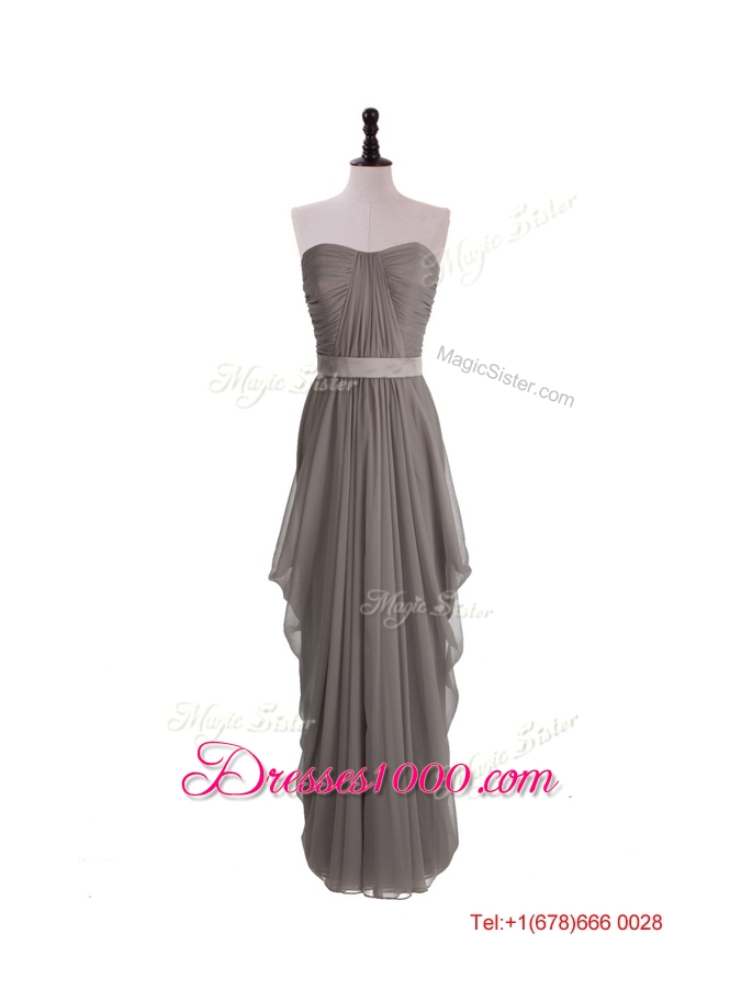 2016 Beautiful Grey Long Prom Dresses with Ruching and Belt
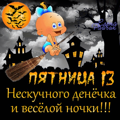 Cute cartoon of a baby witch on a broomstick, wishing a happy Friday the 13th.
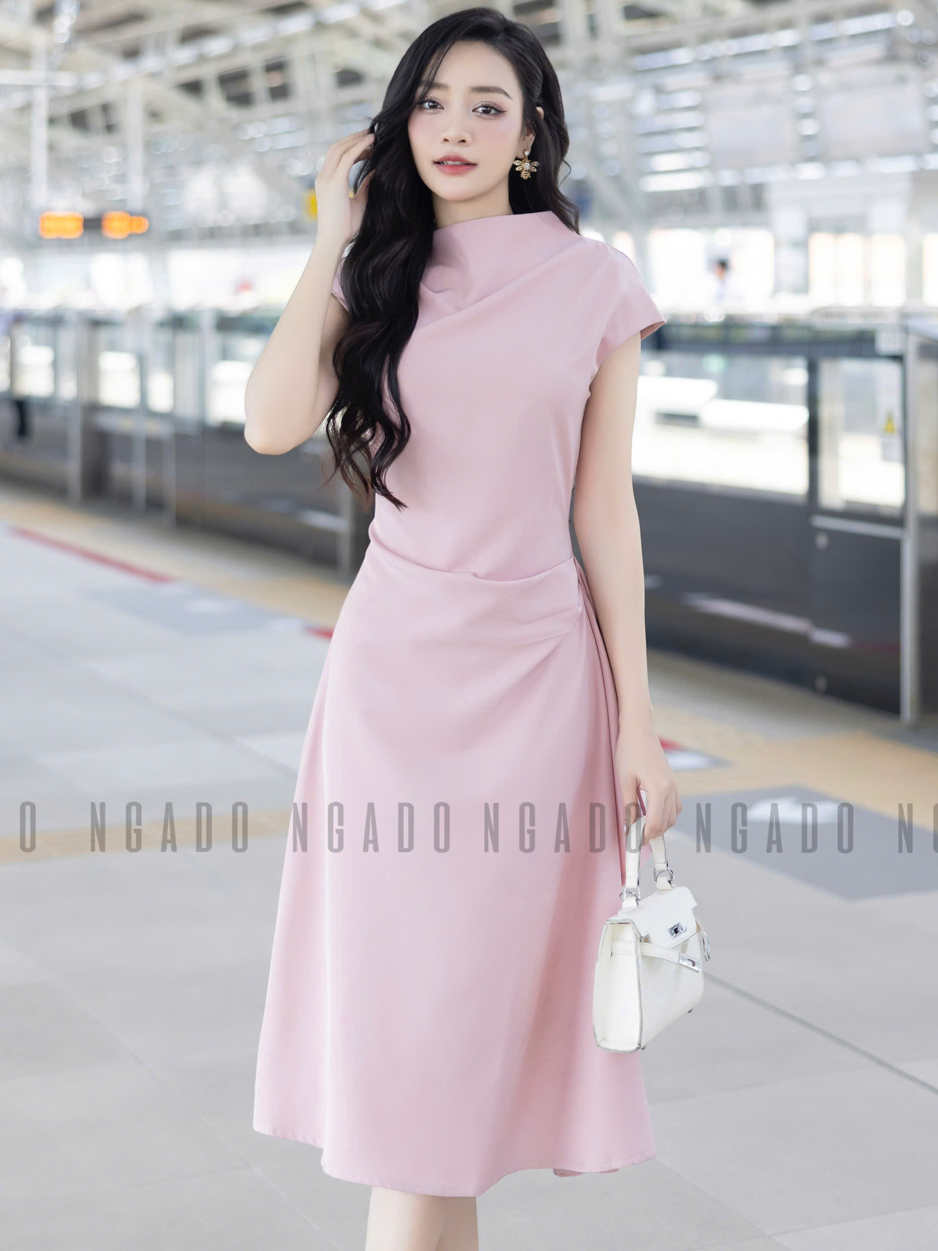 ✨Đầm hồng cổ cao vạt xéo NGADO
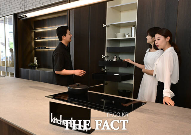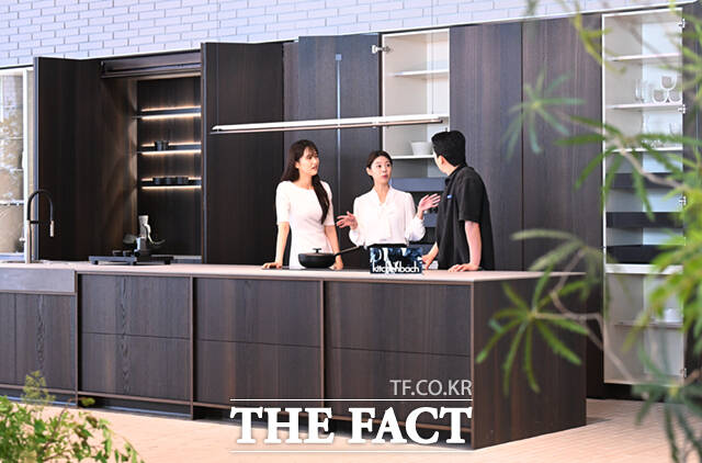 [더팩트ㅣ이새롬 기자] 12일 서울 강남구 한샘 플래그십 논현 매장이 리뉴얼 오픈하며 프리미엄 키친 브랜드 '키친바흐'를 선보인 가운데, 고객들이 제품을 살펴보고 있다.
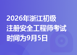 浙江人事考试中心发布《2026年度专业技术人员资格考试工作计划》,2026年浙江初级注册安全工程师考试时间为9月5日。☟☟加学霸君微信,拉你进备考学习群☟☟2026年度人事考试工作计划序号考试名称考试日期1公安机关面向公安院校毕业生考试录用公务员笔试1月10日、11日2咨询工程师(投资)4月11日、12日3省工业设计(初级、中级、高级)4月18日4省档案(初级、中级、高级)5二级造价工程师4月19日6事业单位招考笔试4月25日7一级注册建筑师5月16日、17日、23日8二级注册建筑师5月16日、查看更多>
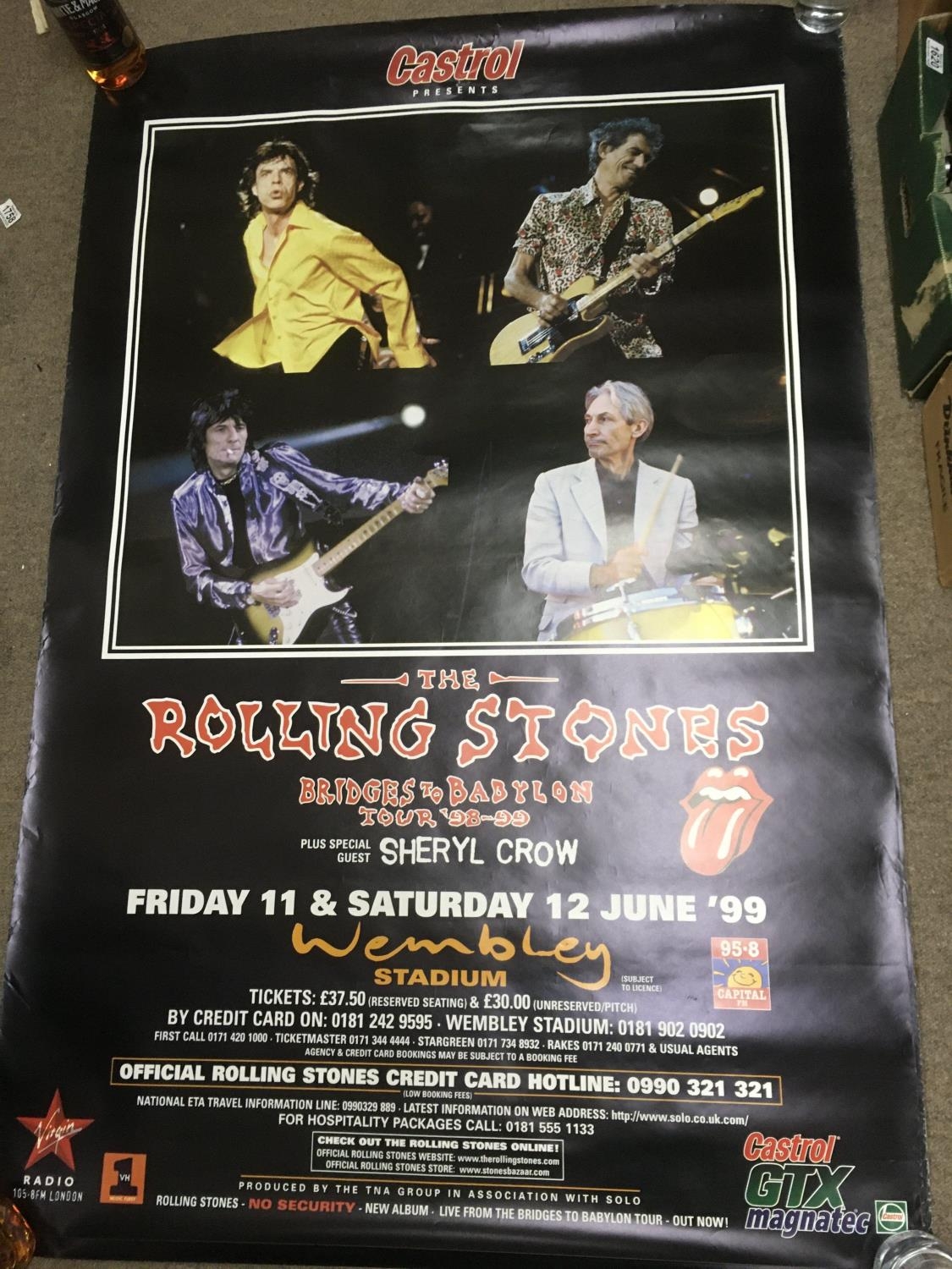 Two bus stop posters for The Rolling Stones 'Bridges To Babylon' tour 1998-99, approx 102cm x 155cm, together with a vintage poster of Mick Jagger approx 148cm x 105cm, and one of The Who in concert, approx 107cm x 147cm.
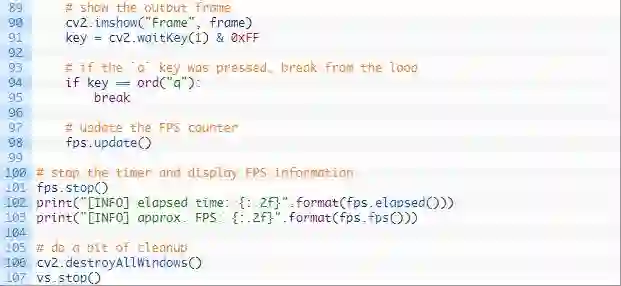 然后我们将 VideoStream 对象实例化为 vs,并开始 fps 计数(36-38 行)。2 秒钟的 sleep 让我们的摄像头有足够的预热时间。
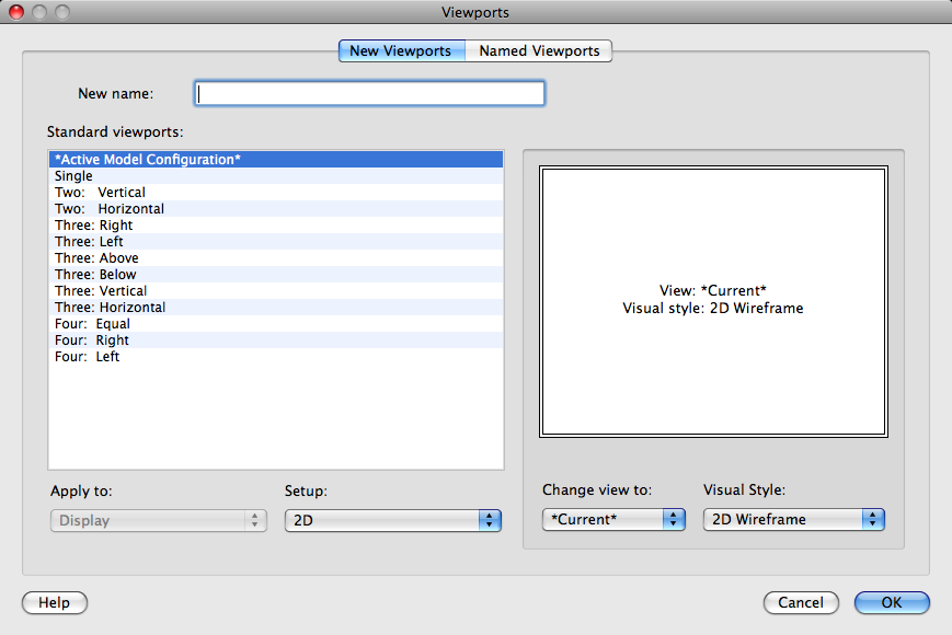 Specifies either a 2D or a 3D setup. When you select 2D, the new viewport configuration is initially created with the current view in all of the viewports. When you select 3D, a set of standard orthogonal 3D views is applied to the viewports in the configuration.
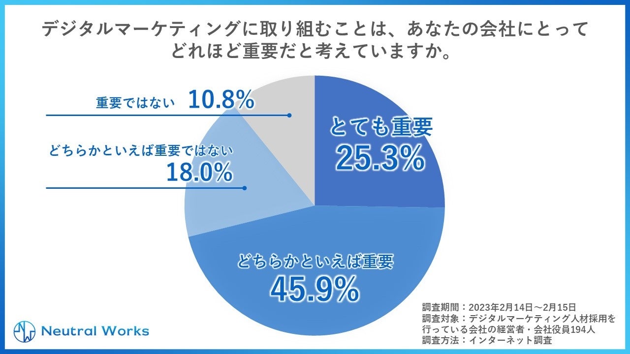 まず、自身の会社がデジタルマーケティング人材の採用を行っている方を対象に、デジタルマーケティングに取り組むことの重要性について考えを伺いました。
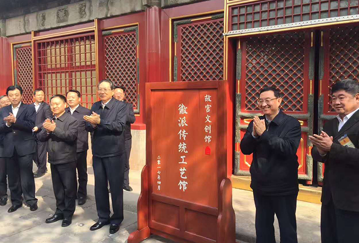 4月10日,“徽匠神韻——安徽徽州傳統(tǒng)工藝故宮特展”暨徽派文創(chuàng)館揭牌儀式在北京故宮博物院永壽宮舉行。省委書記、省人大常委會主任李錦斌,省委副書記、省長李國英,文化部部長雒樹剛,故宮博物院院長單霽翔出席儀式并共同為徽派文創(chuàng)館揭牌。文化部副部長項兆倫;省委常委、秘書長唐承沛,省委常委、宣傳部長虞愛華,副省長謝廣祥,省政府秘書長侯淅珉;市委書記任澤鋒,市委副書記、市長孔曉宏;省政府副秘書長汪韌,省文化廳廳長袁華;副市長陸群等出席儀式。
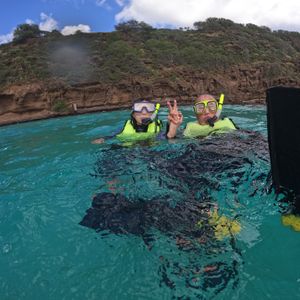 Thank you for joining the tour. Since you went on the tour right after arriving in Hawaii, I imagine you must have been quite tired. Also, the malasadas you had in the car might not have been the best idea before snorkeling. I apologize for that. Both of you were very skilled at snorkeling, so please do challenge yourselves again when you come back to Hawaii. We are always here waiting for you. Thank you. Mahalo!!
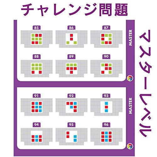真ん中の四角に注目せよ!ゲームボードのセンター部分に注目しながら、全てのピースをはめ込むパズルゲームです。問題に示されているのはセンター部分のみです。カラフルな10個のピースを全て配置し、センター部分が問題とマッチするよう完成させます。初級から上級レベルまでの120のチャレンジ問題に挑戦しましょう。コンパクトで持ち運びに便利! いつでもどこでもチャレンジできます。
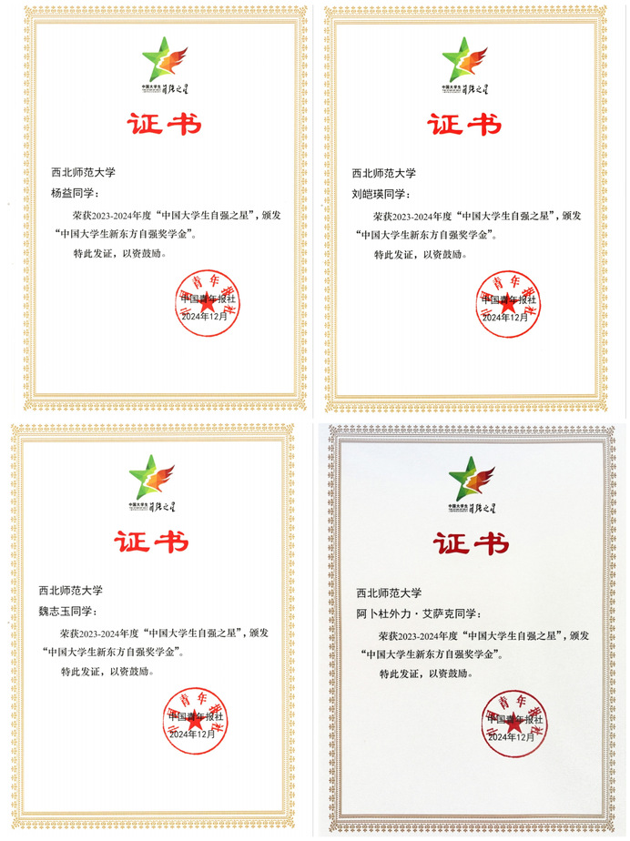近日,由共青团中央、全国学联指导,团中央基层建设部、中国青年报社主办,新东方教育科技集团、中国青年创业就业基金会协办的2023-2024年度“中国大学生自强之星”奖学金推报活动评选结果揭晓经学校推荐、省级初评、全国评审等环节,我校历史文化学院研究生魏志玉、历史文化学院本科生刘皑瑛、数学与统计学院本科生杨益、物理与电子工程学院本科生阿卜杜外力•艾萨克4名同学获评2023-2024年度“中国大学生自强之星”荣誉称号
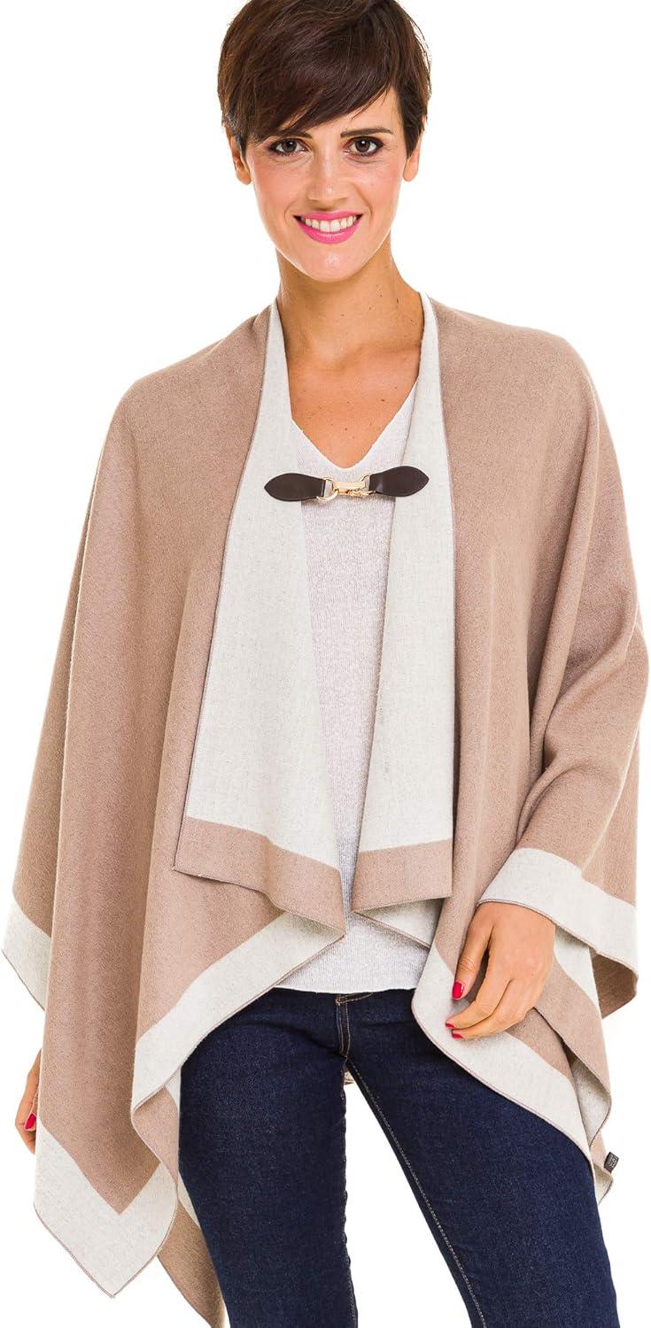 Cardigan Poncho Cape: Women Elegant Cardigan Shawl Wrap Sweater Coat for Fall Winter(Border Design -Beige and Khaki)
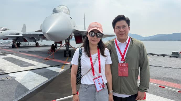 大公文匯全媒體報道,山東艦航母編隊一連5日訪問香港,今日(6日)繼續開放給香港市民參觀。港協暨奧委會副會長、立法會議員霍啟剛與妻子「跳水皇后」郭晶晶來到山東艦參觀。
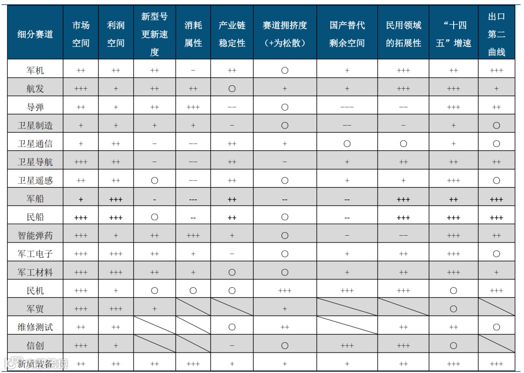 在军工十六大赛道的研究与理解基础上,我们将不同赛道的发展特点进行了梳理(如下表所示),以供投资参考。

• **Task to carry out**
From the listing above, restate verbatim the lines running from the one with "然后我们将 VideoStream 对象实例化为" through the one with "Specifies either a", inclusive, but not the pictures.

• **Expected output**
 然后我们将 VideoStream 对象实例化为 vs,并开始 fps 计数(36-38 行)。2 秒钟的 sleep 让我们的摄像头有足够的预热时间。
 Specifies either a 2D or a 3D setup. When you select 2D, the new viewport configuration is initially created with the current view in all of the viewports. When you select 3D, a set of standard orthogonal 3D views is applied to the viewports in the configuration.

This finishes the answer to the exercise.